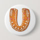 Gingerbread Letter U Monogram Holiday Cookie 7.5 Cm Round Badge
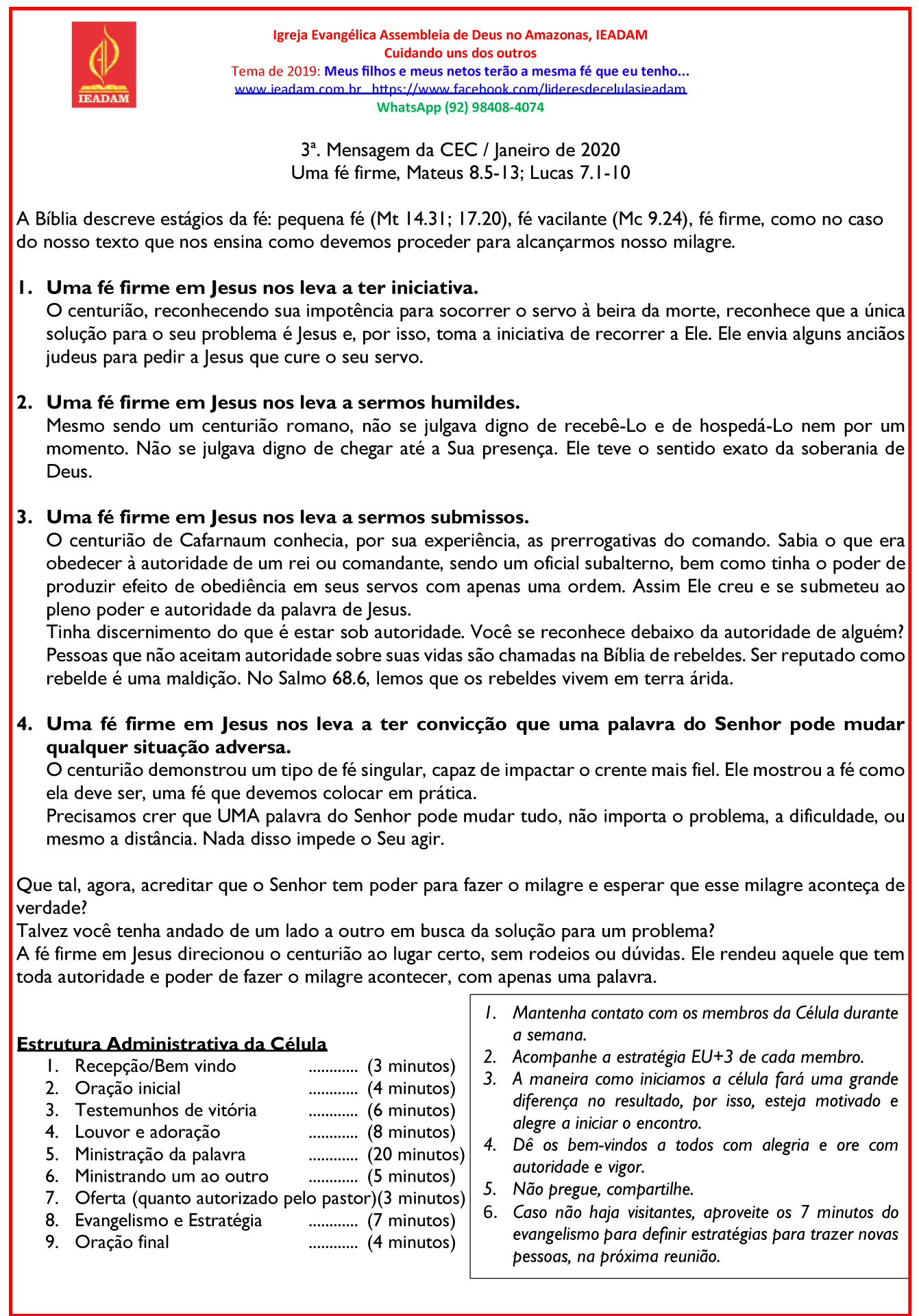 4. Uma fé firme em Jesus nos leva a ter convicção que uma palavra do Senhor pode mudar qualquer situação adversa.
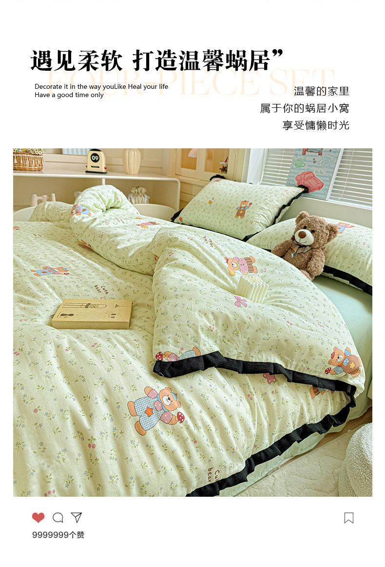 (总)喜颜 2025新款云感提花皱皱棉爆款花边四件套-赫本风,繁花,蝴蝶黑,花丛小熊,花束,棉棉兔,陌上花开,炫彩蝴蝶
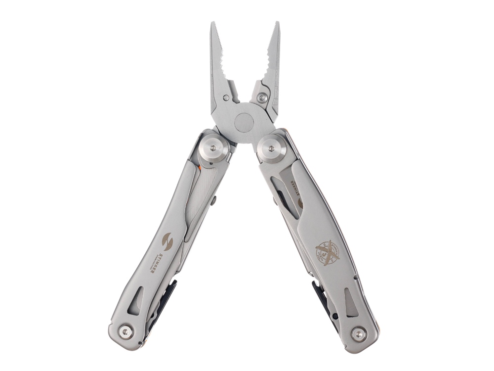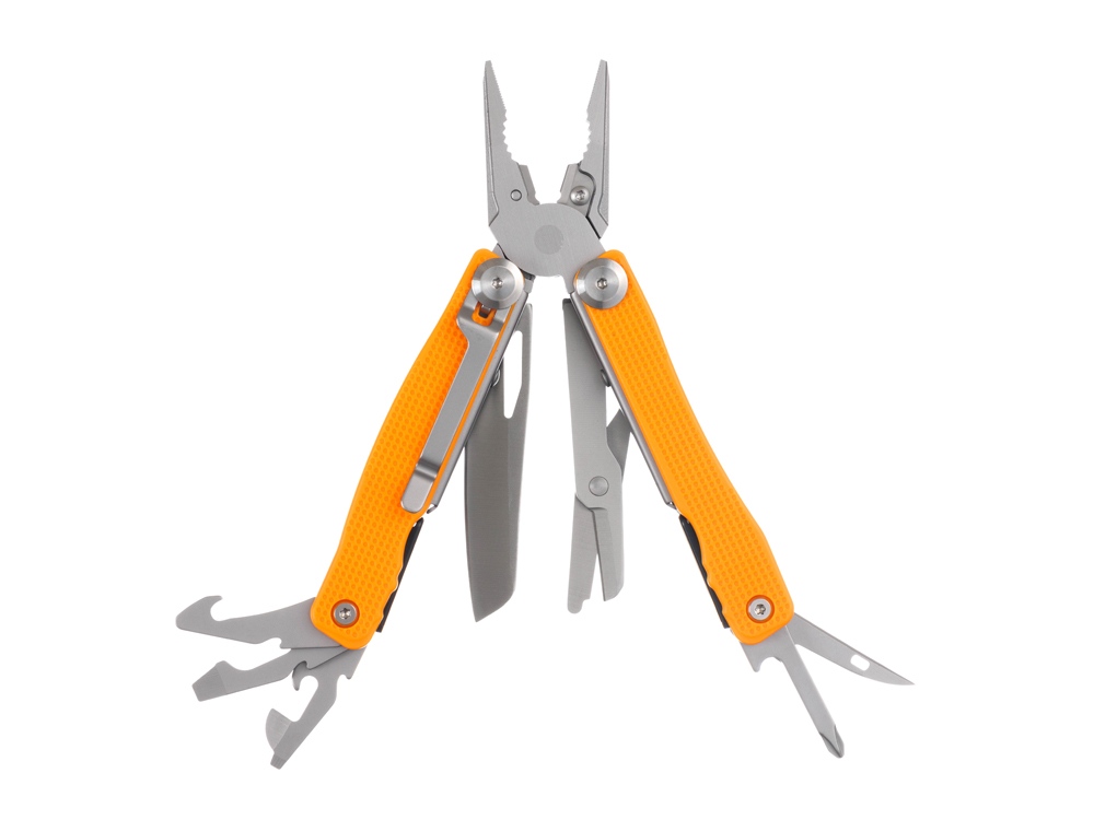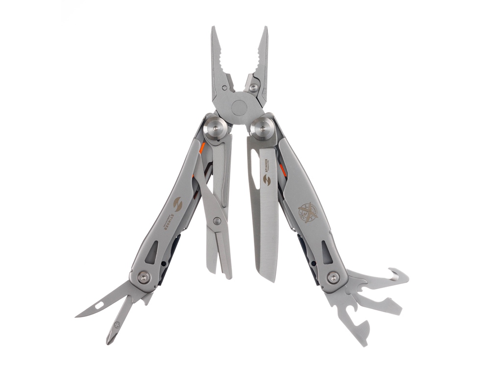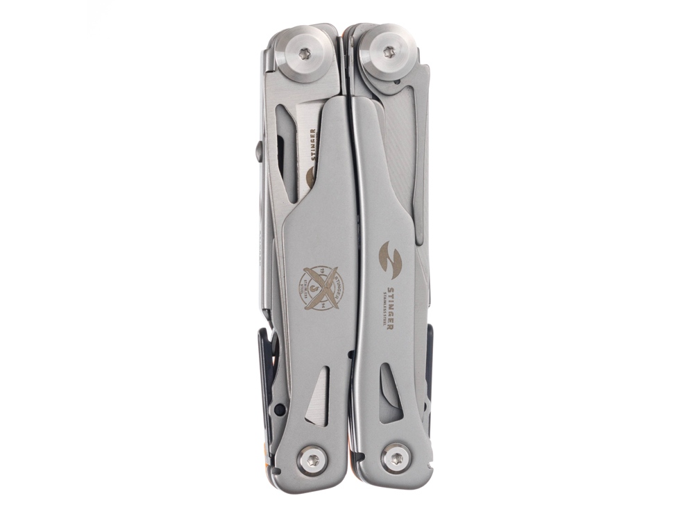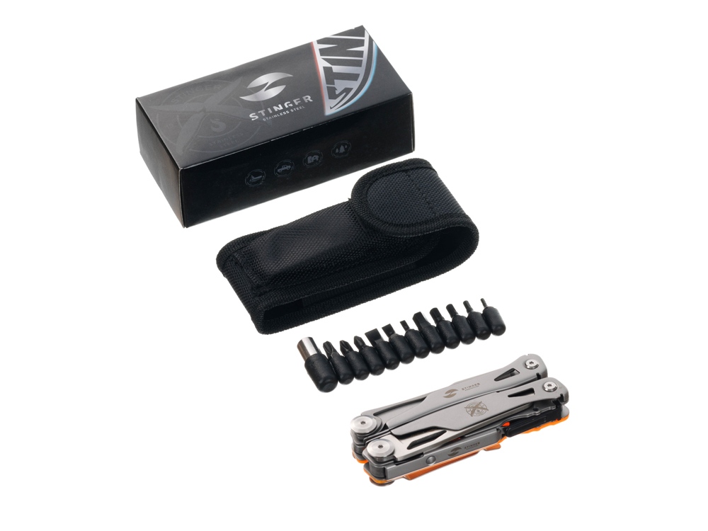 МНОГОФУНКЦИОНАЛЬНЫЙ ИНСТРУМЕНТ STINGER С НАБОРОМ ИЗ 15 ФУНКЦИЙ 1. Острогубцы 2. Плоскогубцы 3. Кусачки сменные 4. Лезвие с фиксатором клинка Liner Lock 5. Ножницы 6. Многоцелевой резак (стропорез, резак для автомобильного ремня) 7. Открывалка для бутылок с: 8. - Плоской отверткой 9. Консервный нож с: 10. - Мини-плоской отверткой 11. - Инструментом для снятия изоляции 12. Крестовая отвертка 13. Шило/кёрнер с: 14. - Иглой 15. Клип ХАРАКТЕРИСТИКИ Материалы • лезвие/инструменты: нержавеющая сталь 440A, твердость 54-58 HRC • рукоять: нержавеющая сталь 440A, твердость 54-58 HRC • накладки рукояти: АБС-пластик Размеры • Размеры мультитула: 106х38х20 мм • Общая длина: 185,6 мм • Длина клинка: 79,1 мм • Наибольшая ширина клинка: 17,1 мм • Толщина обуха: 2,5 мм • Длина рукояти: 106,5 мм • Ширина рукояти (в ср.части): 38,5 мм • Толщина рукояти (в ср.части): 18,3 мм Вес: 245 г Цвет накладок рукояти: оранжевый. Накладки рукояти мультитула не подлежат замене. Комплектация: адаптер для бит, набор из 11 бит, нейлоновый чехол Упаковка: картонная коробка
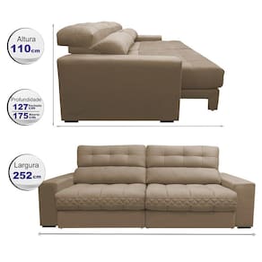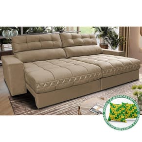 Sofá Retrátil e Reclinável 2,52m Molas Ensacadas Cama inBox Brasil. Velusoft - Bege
-.-.-
**What the task requires:** Reproduce the material above exactly, first line through the line that contains "(总)喜颜 2025新款云感", minus the pictures.

**Result for this task:**
 Gingerbread Letter U Monogram Holiday Cookie 7.5 Cm Round Badge
 4. Uma fé firme em Jesus nos leva a ter convicção que uma palavra do Senhor pode mudar qualquer situação adversa.
 (总)喜颜 2025新款云感提花皱皱棉爆款花边四件套-赫本风,繁花,蝴蝶黑,花丛小熊,花束,棉棉兔,陌上花开,炫彩蝴蝶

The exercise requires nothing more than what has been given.